The flowering plant Cannabis sativa, known most commonly as marijuana, is one of the first plants to be used for therapeutic and recreational use and even the occasional religious ceremony. Records of medicinal use date back as far as 5,000 years in China with therapeutic uses such as pain relief, mood stabilization, and reduced nausea documented during this time. However, scientific research didn’t begin until the early 20th century when the major constituents of cannabis, phytocannabinoids, were first characterized. The first of these plant cannabinoids, Cannabinol (CBN) and Cannabidiol (CBD), were isolated approximately 80 years ago. The versatility of cannabis’s effects didn’t begin to be unveiled until the isolation and partial synthesis of the phytocannabinoid ∆9-tetrahydrocannabinol (THC) about 30 years later. From the approximate 550 total compounds currently identified in cannabis, 144 are phytocannabinoids, and THC is considered the primary psychoactive component of the plant.

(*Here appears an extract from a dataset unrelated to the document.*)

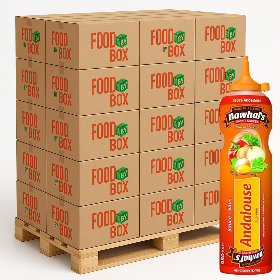Premium Nawhal’s Andalouse Sauce wholesale pallet – 50 boxes containing 600 bottles of authentic Belgian sauce (950ml each). Perfect for restaurants, catering businesses, food service, and retailers. European pallet with 5 layers of 10 boxes. Made in Belgium using finest ingredients. Classic rouge formula ideal for fries, burgers, sandwiches. Bulk purchase savings with free UK mainland delivery in 3-5 working days. Total 570 litres of premium Andalouse sauce.

With further identification and understanding of phytocannabinoids, the idea of the presence or absence of cannabinoid receptors (CBRs) became a debated topic in the field. The discovery and synthesis of THC paved the way for the construction of high potency synthetic cannabinoids with similar structures to natural phytocannabinoids. The availability and use of these synthetic cannabinoids directed research to answering the question of the existence of endogenous CBRs. Evidence of their presence was first demonstrated by the ability of cannabinoids to inhibit cAMP formation, a Gi/Go protein pathway that is turned on through GPCR surface proteins. This was followed by the successful cloning of the first CBR, cannabinoid receptor 1 (CB1R), from mammalian brain, followed closely by the identification of a second CBR, eventually named cannabinoid receptor 2 (CB2R), which was cloned from immune tissue.

With these newly discovered CBRs, ligands that are naturally expressed in the body, N-arachidonoyl-ethanolamine (AEA; anandamide) and 2-arachidonoylglycerol (2-AG), that bind these surface proteins were isolated and named endogenous cannabinoids or endocannabinoids. These two originally identified molecules remain the best studied endocannabinoids in the field. They are endogenous lipids whose precursors are present in the cell membrane and when needed can be released from the lipid bilayer, converted into endocannabinoids through enzyme reactions, and released into the extracellular space as neuromodulators. The efficacy of each endogenous CBR agonist varies. 2-AG has high efficacy for both CB1R and CB2R while anandamide has low efficacy for CB1R and extremely low efficacy for CB2R. These endocannabinoids, their corresponding CBRs, and relevant enzymes comprise the endocannabinoid system. This system remains a research field of high interest in terms of further exploration of canonical, noncanonical, and adjacent signaling pathways and the potential development of these pathways for therapeutic and medical use.